2012-08-30
My perspective on why we do in-place reinstalls of machines
Given what I mentioned yesterday, you might wonder why we are doing what I called 'in-place' reinstalls of machines, where we reinstall a machine with the name and IP address that it will use in production. From my perspective there are two or three reasons for this.
The first reason, the big reason, is that we've run out of spare hardware. In previous upgrades we installed the new version of a machine on completely new hardware, got it running, and then switched everything around during the 'upgrade' downtime; the old version of the machine got renamed or powered down (and was later reused for something else) and the OS install on the new hardware got itself renamed and so on. This was kind of a pain but it was worth it for genuinely fast and hassle-free switchovers. But this requires a bunch of spare servers and we've steadily used most of them up.
(Some of the 'used' servers are actually just reserved for certain future uses, but most of them actually running in production.)
The other reason or two boils down to 'we're just lazy enough to take the risks'. In theory we could (re)install the new version of a machine under a temporary name and IP address, get it almost fully up, and then switch its name, IP address, and so on to the production one(s); we could do this either on the production hardware or on another identical server and then move the disk(s) over to the production hardware. In practice it's just enough of an extra pain to install machines under temporary names and then rename them (and re-IP them, remember to give them all of the IP aliases, and so on) that we're willing to take the risks of an in-place reinstall. Using another server for the initial install and moving the disks afterwards generally adds an extra layer of pain to the process, mostly because common operating systems are increasingly binding things tightly to the specific hardware they happen to be on at the moment; when you move the disks, you get to find and fix all of these things too.

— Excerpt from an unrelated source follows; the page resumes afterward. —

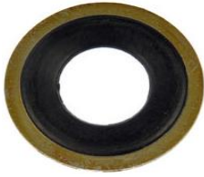
097-021 1/2" M12 Metal Rubber Gasket 097-025 9/16" M14 Metal/Rubber Gasket 097-028 M18 Metal Rubber Gasket 097-133 M20 Metal Rubber Gasket

(When we don't have spare hardware, it should also be noted that a genuine in-place reinstall results in a somewhat shorter downtime and requires fewer manual steps that can blow up in our face. This is probably a reasonable tradeoff.)
It's worth noting that you should only have this issue in the kind of infrastructure we do, or at least the kind of infrastructure where people and services are talking directly to machines by name or IP address and are not indirecting through a load balancer or any other sort of directory service. If you have an indirection step, taking a machine in or out of production service should be a trivial step that's independent of installing the machine and you should effectively never have in-place reinstalls of anything except perhaps the load balancers and directory servers themselves.
2012-08-29
A realization: install configuration files before packages
We have what is probably a somewhat unusual problem. Every so often we do what I'll call an 'in-place' reinstall of a machine, where we reinstall a machine with the name and IP address that it will use in production, and as part of such reinstalls we install packages for things like mailers (if the machine is a mail machine), web servers, and so on. The problem with this is that sometimes a package will not just install the daemon but auto-start it for you. This auto-start happens with the package's default configuration file, which generally won't work right for your environment; an extreme case is a mailer, where everyone installs very conservative, no-relay configurations. If you start the mailer on one of your custom mail machines with such a conservative configuration, it will immediately start bouncing incoming email. So far we've dealt with this by install instructions that say things like 'shut down the following services on other machines' or 'before you install these additional packages, add the following IP blocks'. This has generally worked but it's always made me a little nervous about how fragile it was.
I'm slow sometimes, so it was only today that it occurred to me that there's another way. Normally we install software packages, stop the daemon, and then install our local configuration files. Well, you know, there's no reason we have to do it in that order; instead, we can install our local configuration files before installing the packages. That way even if installing the package auto-starts the daemon it will auto-start with our configuration files instead of the stock ones and things will work or at least fail gracefully, even if we slip up and don't apply the IP blocks or don't shut down everything.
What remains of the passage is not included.